**SUPPLIED MATERIAL**
■ ■ ■ ■ ■ ■ ■
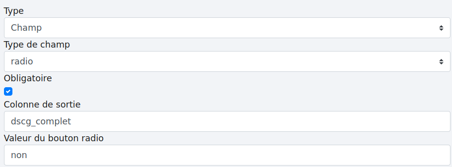 Les deux boutons radio sont cochés car ils sont tous les deux "obligatoires" et les résultats des deux champs sortent dans deux colonnes distinctes avec des valeurs contradictoires. Ce qui est impossible à traiter correctement.
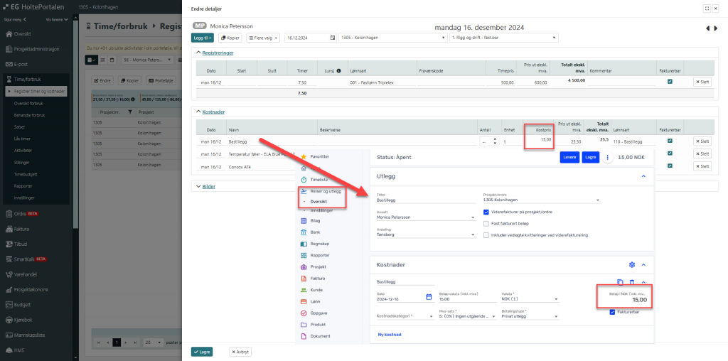 I selve timeføringen og endre detaljer, og legg til kostnad, finner vi kostnader fra Tripletex.
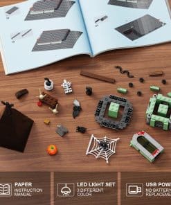 El set de Construcción de Casa Embrujada de iATOM es perfecto para aquellos que buscan crear un ambiente espeluznante en Halloween. Con 1,196 piezas, esta casa embrujada es apta para niños de 8 años en adelante, así como para adultos. Cada detalle de la aldea de Halloween ha sido meticulosamente diseñado, desde las figuras de calabazas y murciélagos hasta los fantasmas blancos y las ramas secas. Con un tamaño de aproximadamente 13 pulgadas de altura, 5.7 pulgadas de ancho y 8.5 pulgadas de longitud, esta casa embrujada cuenta con una fuente de alimentación directa USB, eliminando la necesidad de cambiar pilas. La estructura se ha diseñado y probado para garantizar su estabilidad, y las instrucciones de construcción coloridas te guiarán a través del montaje. iATOM se compromete a brindar a cada cliente productos de alta calidad y un excelente servicio postventa. El set de Construcción de Casa Embrujada se envía en una caja de empaque resistente y hermosa y estamos disponibles para ayudarte en caso de cualquier pregunta o problema durante el proceso de construcción y juego. ¡Sorprende a tus amigos y familiares con este increíble set de construcción de la casa de terror de Halloween!
■ ■ ■ ■ ■ ■ ■
**ACTIVITY**
While leaving pictures out, reproduce exactly the lines from the beginning of the listing above through the line containing "I selve timeføringen", both ends included.

**RESPONSE BOX**
 Les deux boutons radio sont cochés car ils sont tous les deux "obligatoires" et les résultats des deux champs sortent dans deux colonnes distinctes avec des valeurs contradictoires. Ce qui est impossible à traiter correctement.
 I selve timeføringen og endre detaljer, og legg til kostnad, finner vi kostnader fra Tripletex.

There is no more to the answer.